▶ [Exercise description]: Line by line, repeat the material below exactly and leave the images out.

▶ [Data shown]:
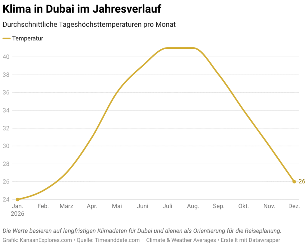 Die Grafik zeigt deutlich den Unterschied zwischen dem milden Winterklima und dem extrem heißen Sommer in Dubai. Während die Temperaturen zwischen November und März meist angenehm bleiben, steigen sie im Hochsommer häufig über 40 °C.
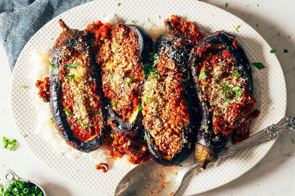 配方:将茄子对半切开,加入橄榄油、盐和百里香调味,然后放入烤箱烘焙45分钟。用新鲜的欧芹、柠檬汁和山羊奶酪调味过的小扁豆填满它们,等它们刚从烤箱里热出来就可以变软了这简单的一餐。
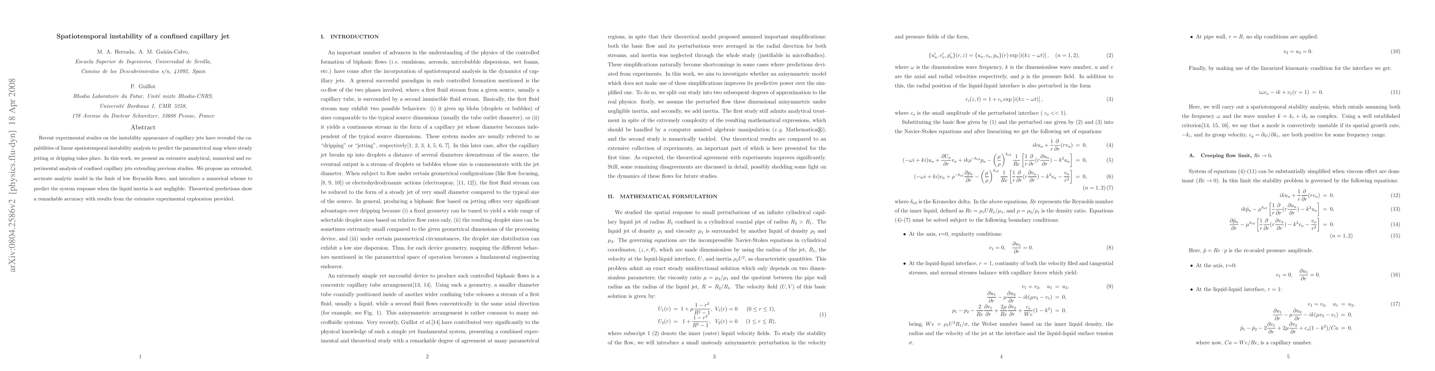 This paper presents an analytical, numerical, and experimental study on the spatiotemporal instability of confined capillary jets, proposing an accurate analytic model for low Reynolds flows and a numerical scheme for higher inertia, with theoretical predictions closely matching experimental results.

▶ [Finished exercise]:
 Die Grafik zeigt deutlich den Unterschied zwischen dem milden Winterklima und dem extrem heißen Sommer in Dubai. Während die Temperaturen zwischen November und März meist angenehm bleiben, steigen sie im Hochsommer häufig über 40 °C.
 配方:将茄子对半切开,加入橄榄油、盐和百里香调味,然后放入烤箱烘焙45分钟。用新鲜的欧芹、柠檬汁和山羊奶酪调味过的小扁豆填满它们,等它们刚从烤箱里热出来就可以变软了这简单的一餐。
 This paper presents an analytical, numerical, and experimental study on the spatiotemporal instability of confined capillary jets, proposing an accurate analytic model for low Reynolds flows and a numerical scheme for higher inertia, with theoretical predictions closely matching experimental results.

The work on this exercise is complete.